The Sarasota Assassination Society, also known as the Sarasota Vigilance Committee, was a late 19th-century secret organization established by Alfred Bidwell, Dr. Leonard Andrews and Jason Alford in Manatee County, Florida. The organization, which was estimated to include twenty to twenty-two members, was purported to be a political social group or a Democratic Club. The true aims of the group were chronicled in the February 2, 1885 New York Times article; "This organization is supposed to exist for the purpose of the secret murder of political opponents, and is composed of 20 members, bound together by terrible oaths to perform the bloody work of the band and to keep its secrets inviolate."

Background 
The Sarasota Vigilance Committee actively recruited new members from the community and subsequently controlled their ranks through intimidation, fear, and coercion. Members were obligated to actively seek jury service in matters involving other members, assist in the escape of members who were incarcerated, and ultimately, murder those individuals opposed by the group. The group was organized by Alfred Bidwell and Dr. Leonard Andrews, who referred to themselves as "judges," while members Jason Alford, "captain," Louis Cato and Charles Willard, "lieutenants," constituted the remaining command structure of the organization.

Notoriety for the Sarasota Vigilance Committee came with the murders of Charles E. Abbe and Harrison T. Riley. Abbe, who was painting the hull of an upturned boat with friend, Charles Morehouse, was shot in the face with a double-barreled shotgun. Riley was ambushed while on horseback and shot in the head and body. His murderers completed their heinous act by slitting his throat. Though the murders occurred some six months apart, Riley's death was unsolved until the investigation of Charles Abbe's homicide.

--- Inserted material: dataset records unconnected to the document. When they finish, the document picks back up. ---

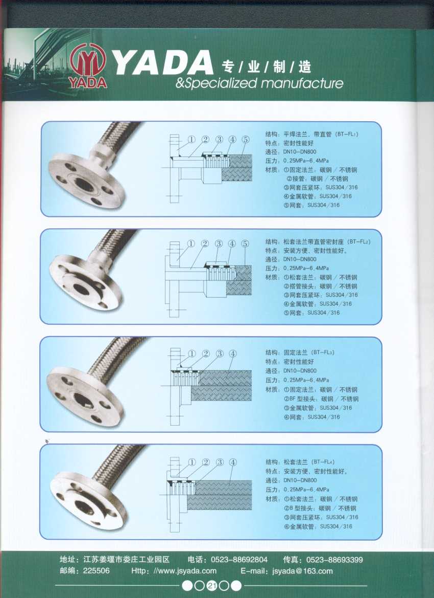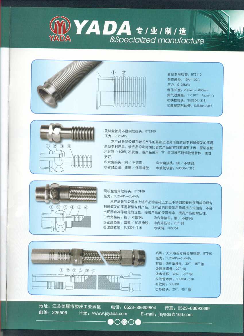 秉天時 籍地利 仰人和 虔誠一個永恒的理念,創(chuàng)新永續(xù).百諾不如一信,亞達(dá)人堅持以信為本,視客戶如同上帝,把對信譽(yù)的追求,體現(xiàn)在嚴(yán)格的質(zhì)量控制和完善的客戶服務(wù)上,讓客戶百分之百滿意是亞達(dá)人不變的信念。 本廠系ISO9001質(zhì)量認(rèn)證企業(yè)、計量合格企業(yè)。本廠專業(yè)致力于生產(chǎn)不銹鋼金屬波紋軟管、超高壓、高壓膠管、波紋管補(bǔ)償器(膨脹節(jié))、立式、臥式、冷卻器。本廠產(chǎn)品具有承受壓力高、彎曲半徑小、抗疲勞性能強(qiáng)、使用壽命長等特點(diǎn)。廣泛應(yīng)用于電力、石化、冶金、水泥建材、工程機(jī)械、礦山及液壓系統(tǒng)。產(chǎn)品暢銷全國各地。 今日亞達(dá)之成功源自諸多客戶的厚愛,明天的輝煌更離不開您對我的支持與信賴。查看更多>>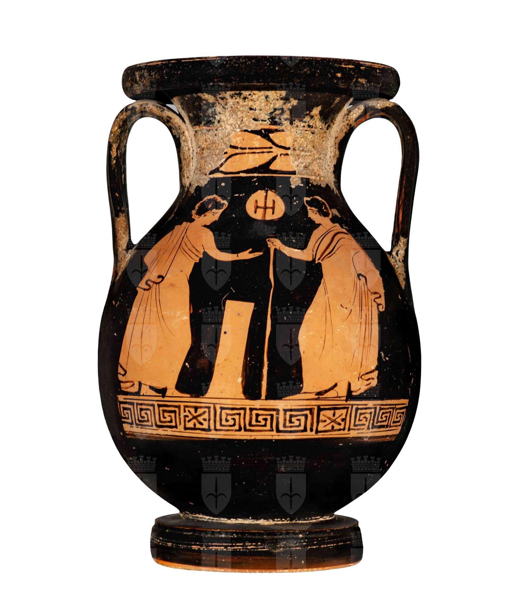 Pelike apula a figure rosse. Lato A: giovane nudo sdraiato con bastone, figura femminile stante con specchio, viticcio. Lato B: due giovani ammantati con bastone e pilastrino.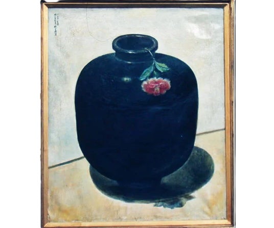 椿貞雄 《黒壺に椿一輪》 1948年、千葉県立美術館蔵
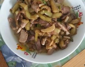然后葱姜炸锅,放肉!肉熟了之后,放过完油的茄子!然后放调好的蒜末酱油,再放少许盐,放入适量蚝油,翻炒几下,之后出锅!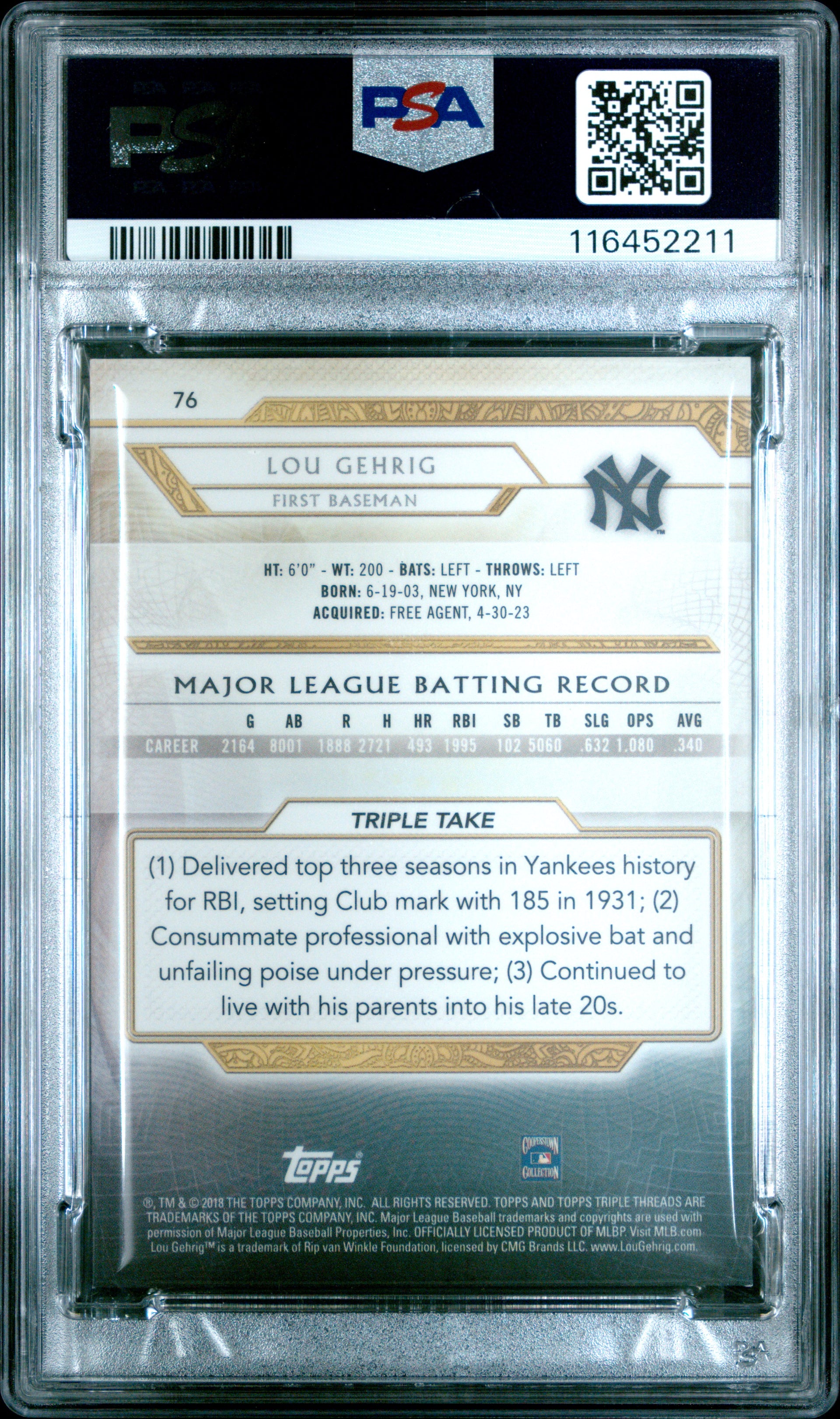2018 Topps Triple Threads #76 Lou Gehrig Sapphire PSA 8 NM-MT 14/25

In her article "He Has Carried His Life in His Hands": The Sarasota Assassination Society of 1884, Janet Snyder Matthews argues against the notion that the group had acted out of some fundamental belief that they (Sarasota Vigilance Committee) were actually defending early settlers from the excesses of land speculators. Matthews cites Karl H. Grismer's book The Story of Sarasota as the source for this theory. Contrary to Grismer's supposition, Matthews reports that the murders of Abbe and Riley were almost certainly committed to personally benefit the leadership of the Sarasota Vigilance Committee. The ultimate purpose of the organization was to plan and carry out the murders of five of Manatee County's most notable and important figures: Charles E. Abbe, Harrison T. Riley, Robert Greer, Furman Whitaker, and Stephen Goings.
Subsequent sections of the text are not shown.